Abstract: SA-PO240
Macrophage Activation Syndrome (MAS) and Systemic Lupus Erythematosus (SLE): Early Diagnosis Improves Outcomes – Case Series from a Tertiary Centre
Session Information
- Clinical Glomerular Disorders: Vasculitis, C3G, IgAN
November 04, 2017 | Location: Hall H, Morial Convention Center
Abstract Time: 10:00 AM - 10:00 AM
Category: Glomerular
- 1005 Clinical Glomerular Disorders
Authors
- Godinho, Iolanda, Imperial College Lupus Centre, Hammersmith Hospital, London, United Kingdom
- Cunha, Liliana, Imperial College Lupus Centre, Hammersmith Hospital, London, United Kingdom
- Egan, Allyson Catherine, Imperial College Lupus Centre, Hammersmith Hospital, London, United Kingdom
- Cairns, Tom, Imperial College Lupus Centre, Hammersmith Hospital, London, United Kingdom
- Pickering, Matthew C., Imperial College Lupus Centre, Hammersmith Hospital, London, United Kingdom
- Lightstone, Liz, Imperial College Lupus Centre, Hammersmith Hospital, London, United Kingdom
Background
MAS is a life-threatening complication of SLE, characterised by fevers, hyperferritinaemia, paenias, high triglycerides, abnormal liver, neurological & renal function.

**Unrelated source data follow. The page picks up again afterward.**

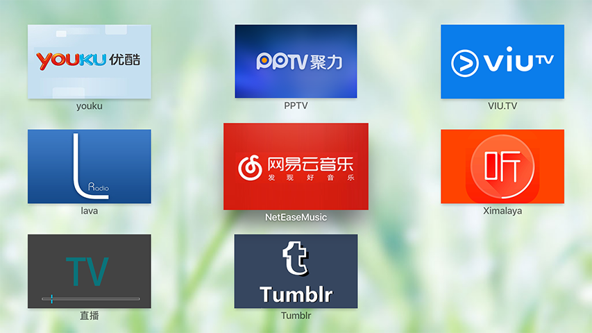 目前包括: youku, tumblr, neteaseMusic, lava, ximalaya, TV直播,pptv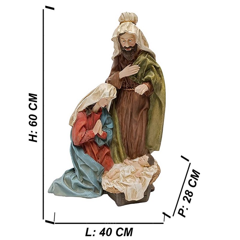 Le statue, con un’altezza massima di 55 cm, sono realizzate con cura e attenzione ai dettagli. Il design, ispirato allo stile juta, conferisce alle figure un aspetto rustico ma elegante, ideale per creare una scena di grande impatto visivo e spirituale.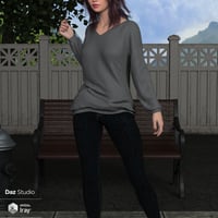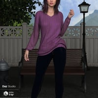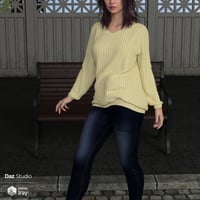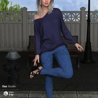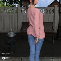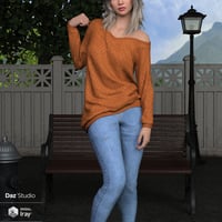 Nora Outfit consists of a dForce baggy sweater and conforming jeans. The sweater can be used as conforming in gentle poses. Before simulation, please use the Simulation Settings preset.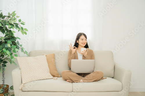 personal computer, woman, couch, cinema, motion picture, search, smile, coffee, couch, look, sideline, app, blog, notebook, telecommuting, contemplate, read, cyberspace, game, room, homemaker, personal computer, pursuit, web, relax, news, relax, work, mail, pajama, vacation, home, seated, house, 30s, asian, japanese, young, people

We report our case series & growing experience which led to improved recognition & outcomes
Methods
From clinical records & identifying all those patients in our lupus nephritis biopsy database (1997-2016, 475 patients, 806 biopsies) aged >18yrs with serum ferritin >2000ng/ml not explained by other causes, we report clinical & laboratory features & outcomes of 17 patients with 18 episodes of MAS.
Results
Of the 17 patients, 82% were female, median age 45 yrs (29-62). At time of acute MAS, 59% had new-onset SLE & 41% were flaring. Clinical & biochemical features summarised in table 1(image). Aggressive therapy with a combination of IV cyclophosphamide, plasma exchange, IV & oral steroids, IVIg & anti CD20 mAb was used. Where tolerated, tacrolimus given for 2 wks at presentation. Compared to dismal outcomes in the literature (as low as 34%), majority of patients responded to therapy (83%) though 3 (17.6%) died: 1 refractory to therapy & 2 in whom immunosuppression limited by infections.
Conclusion
This case series likely underestimates incidence: a) only a minority of patients with features of MAS have renal biopsies; b) until recently, few patients with severe SLE had ferritin measured acutely. MAS develops in context of a highly active SLE & should be screened for using serum ferritin, LDH, blood film, amylase & triglycerides to ensure early diagnosis. Our relatively low mortality & very high response rates reflect rapid diagnosis allowing early aggressive therapy aimed at quenching the inflammatory storm & treating the underlying SLE.